:: DATASET EXCERPT

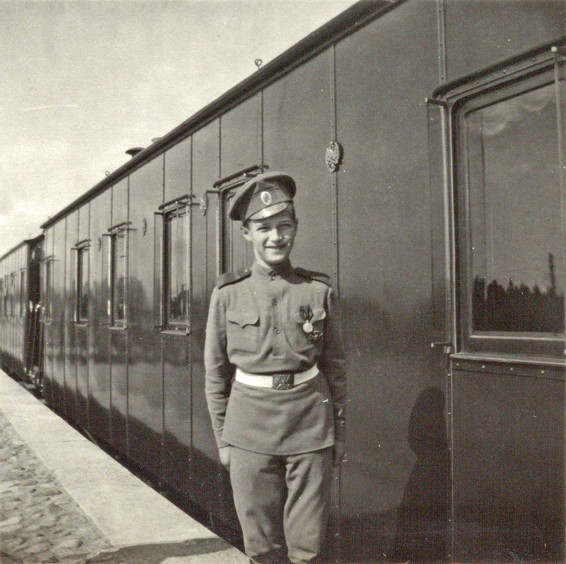 Alexei, son of Nicholas II in front of the Imperial train in Mogilev
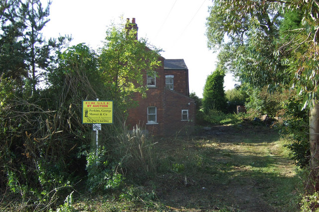 Awaiting Auction, Goxhill, Lincolnshire, England."Grasmere" on Ferry Road awaiting sale by auction. The auctioneers website says: "A detached Victorian property in need of complete renovation set in open countryside with surrounding grass paddock extending to 8.11 acres. Guide Price: £150,000 - £200,000."
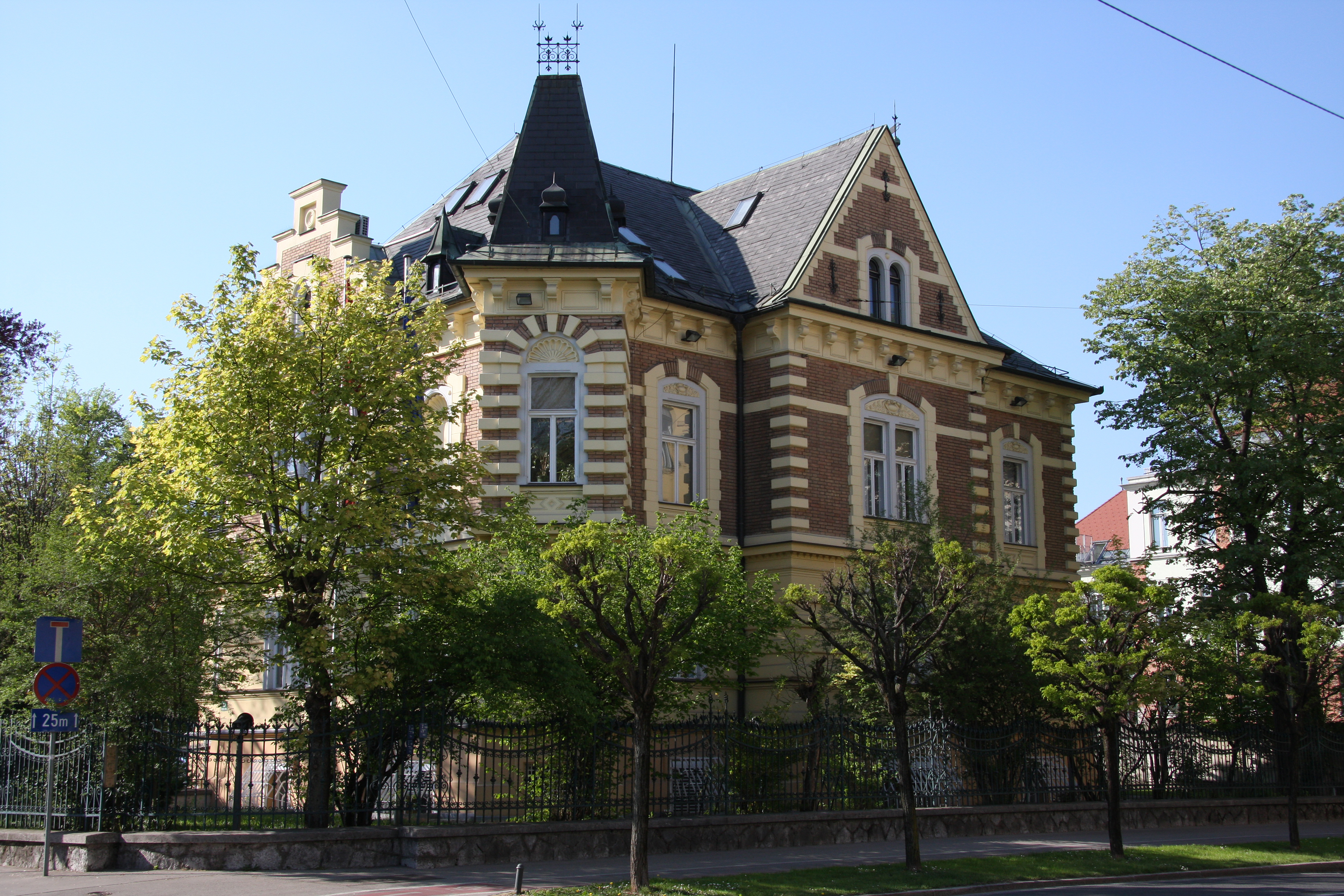 Embassy of the Republic of Austria in Ljubljana. The villa was built before 1910 in the Neo-Gothic style.

::::

EXERCISE → Since the pictures are not wanted, write out the rest of the data exactly as it reads.

RESULT FOR THIS EXERCISE →
 Alexei, son of Nicholas II in front of the Imperial train in Mogilev
 Awaiting Auction, Goxhill, Lincolnshire, England."Grasmere" on Ferry Road awaiting sale by auction. The auctioneers website says: "A detached Victorian property in need of complete renovation set in open countryside with surrounding grass paddock extending to 8.11 acres. Guide Price: £150,000 - £200,000."
 Embassy of the Republic of Austria in Ljubljana. The villa was built before 1910 in the Neo-Gothic style.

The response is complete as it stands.